Records for the exercise: Begin

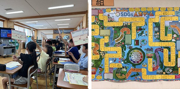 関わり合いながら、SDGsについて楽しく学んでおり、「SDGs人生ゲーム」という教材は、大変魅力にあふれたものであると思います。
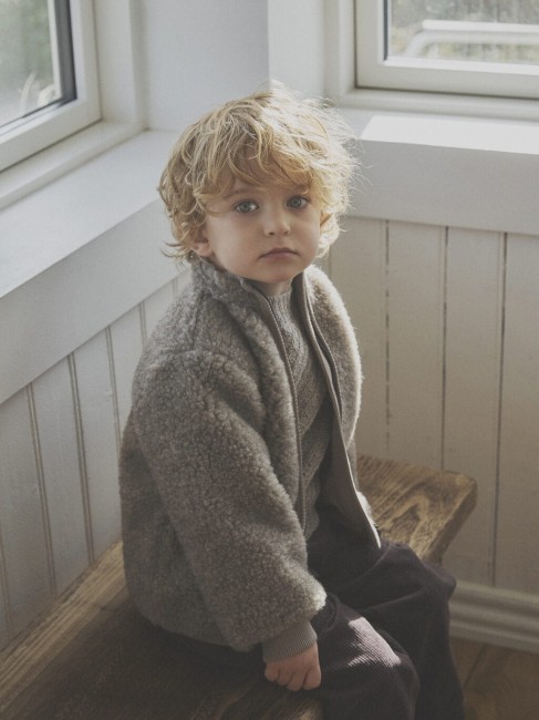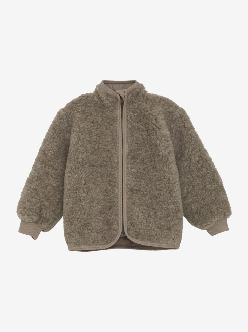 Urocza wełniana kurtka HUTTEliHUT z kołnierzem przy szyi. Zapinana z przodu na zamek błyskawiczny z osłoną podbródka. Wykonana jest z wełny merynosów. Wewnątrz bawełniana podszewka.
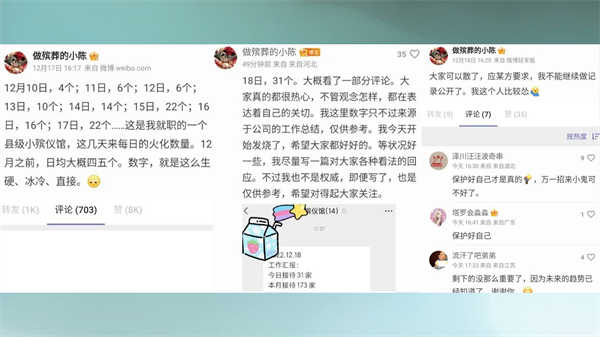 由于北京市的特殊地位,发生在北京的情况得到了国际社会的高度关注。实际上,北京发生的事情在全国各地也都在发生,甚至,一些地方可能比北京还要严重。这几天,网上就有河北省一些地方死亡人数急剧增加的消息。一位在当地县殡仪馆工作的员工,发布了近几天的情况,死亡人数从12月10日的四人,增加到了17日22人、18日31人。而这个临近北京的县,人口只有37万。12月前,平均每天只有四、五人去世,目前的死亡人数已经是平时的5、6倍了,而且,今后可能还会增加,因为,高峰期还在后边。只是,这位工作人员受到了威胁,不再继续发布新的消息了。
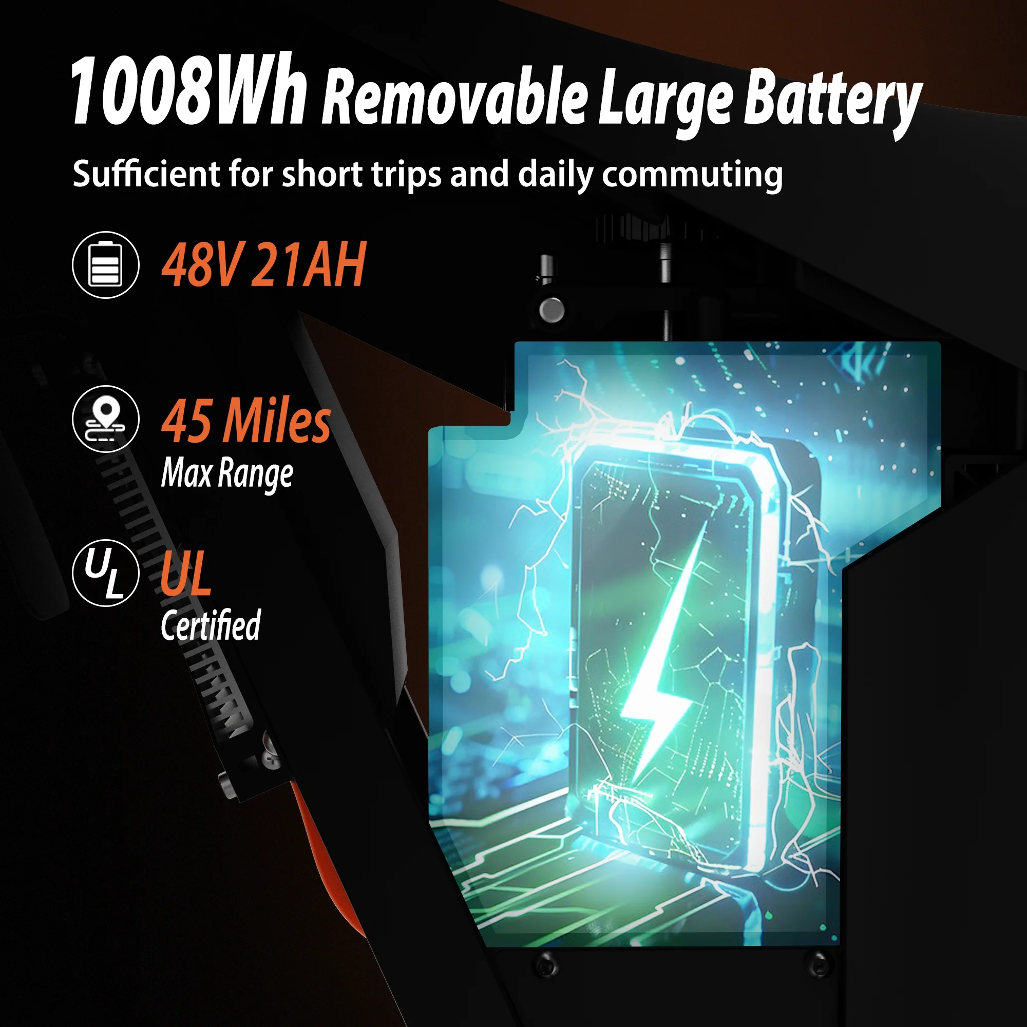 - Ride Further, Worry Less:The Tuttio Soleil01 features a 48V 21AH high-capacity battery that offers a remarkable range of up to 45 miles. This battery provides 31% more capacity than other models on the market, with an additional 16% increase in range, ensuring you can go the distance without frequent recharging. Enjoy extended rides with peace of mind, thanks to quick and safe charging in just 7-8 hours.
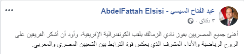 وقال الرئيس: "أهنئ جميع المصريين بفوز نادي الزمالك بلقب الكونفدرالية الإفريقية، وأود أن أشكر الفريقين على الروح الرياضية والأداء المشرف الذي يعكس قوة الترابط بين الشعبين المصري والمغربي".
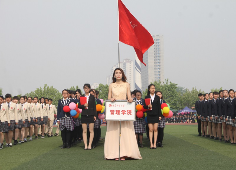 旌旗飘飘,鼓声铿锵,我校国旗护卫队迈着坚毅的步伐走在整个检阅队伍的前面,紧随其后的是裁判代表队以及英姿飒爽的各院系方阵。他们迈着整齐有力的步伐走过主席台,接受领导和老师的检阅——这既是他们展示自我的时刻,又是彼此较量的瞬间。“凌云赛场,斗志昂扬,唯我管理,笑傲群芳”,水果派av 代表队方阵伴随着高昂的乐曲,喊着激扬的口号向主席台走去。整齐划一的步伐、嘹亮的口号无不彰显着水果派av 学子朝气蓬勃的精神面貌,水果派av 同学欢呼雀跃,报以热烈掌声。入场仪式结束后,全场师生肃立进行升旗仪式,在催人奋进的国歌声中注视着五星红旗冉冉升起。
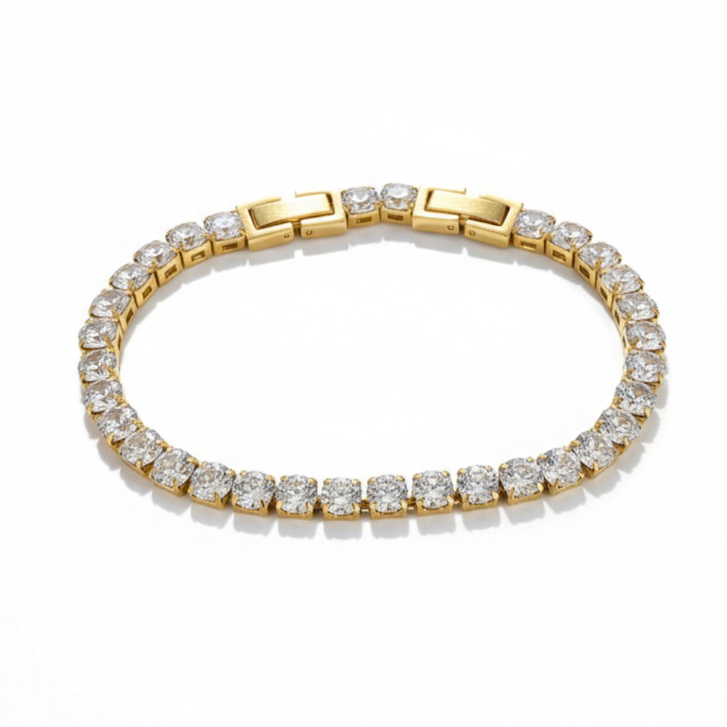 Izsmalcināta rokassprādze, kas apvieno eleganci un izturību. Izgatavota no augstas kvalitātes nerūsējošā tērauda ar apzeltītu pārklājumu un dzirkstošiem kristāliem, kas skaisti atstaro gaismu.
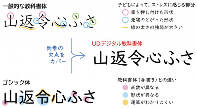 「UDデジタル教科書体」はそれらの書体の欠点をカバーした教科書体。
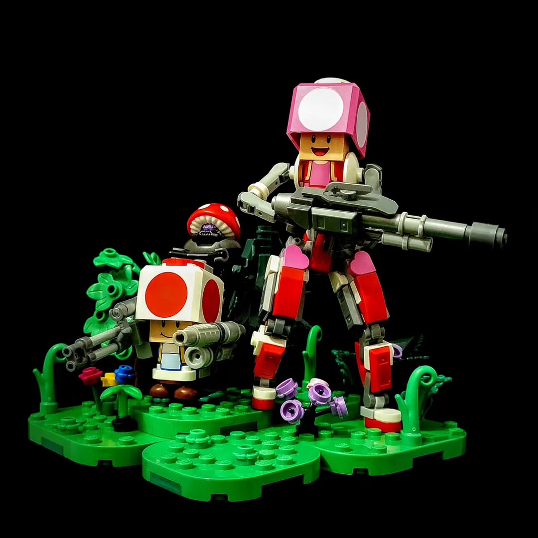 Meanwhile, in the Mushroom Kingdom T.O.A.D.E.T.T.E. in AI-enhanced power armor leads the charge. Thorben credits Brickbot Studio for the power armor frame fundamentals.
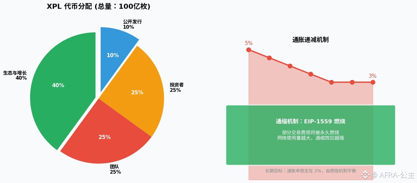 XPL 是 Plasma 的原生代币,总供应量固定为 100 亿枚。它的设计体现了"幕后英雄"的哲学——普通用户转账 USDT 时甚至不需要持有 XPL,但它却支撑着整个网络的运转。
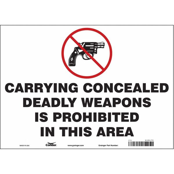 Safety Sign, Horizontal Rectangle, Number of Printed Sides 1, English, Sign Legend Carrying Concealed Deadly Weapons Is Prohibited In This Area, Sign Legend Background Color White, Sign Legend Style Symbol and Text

Records for the exercise: End

◆ **What the task requires**
Beginning with the line that contains "XPL 是 Plasma" and ending with the final line of the entries, every line must be copied exactly; the pictures must not.

◆ **Solved problem**
 XPL 是 Plasma 的原生代币,总供应量固定为 100 亿枚。它的设计体现了"幕后英雄"的哲学——普通用户转账 USDT 时甚至不需要持有 XPL,但它却支撑着整个网络的运转。
 Safety Sign, Horizontal Rectangle, Number of Printed Sides 1, English, Sign Legend Carrying Concealed Deadly Weapons Is Prohibited In This Area, Sign Legend Background Color White, Sign Legend Style Symbol and Text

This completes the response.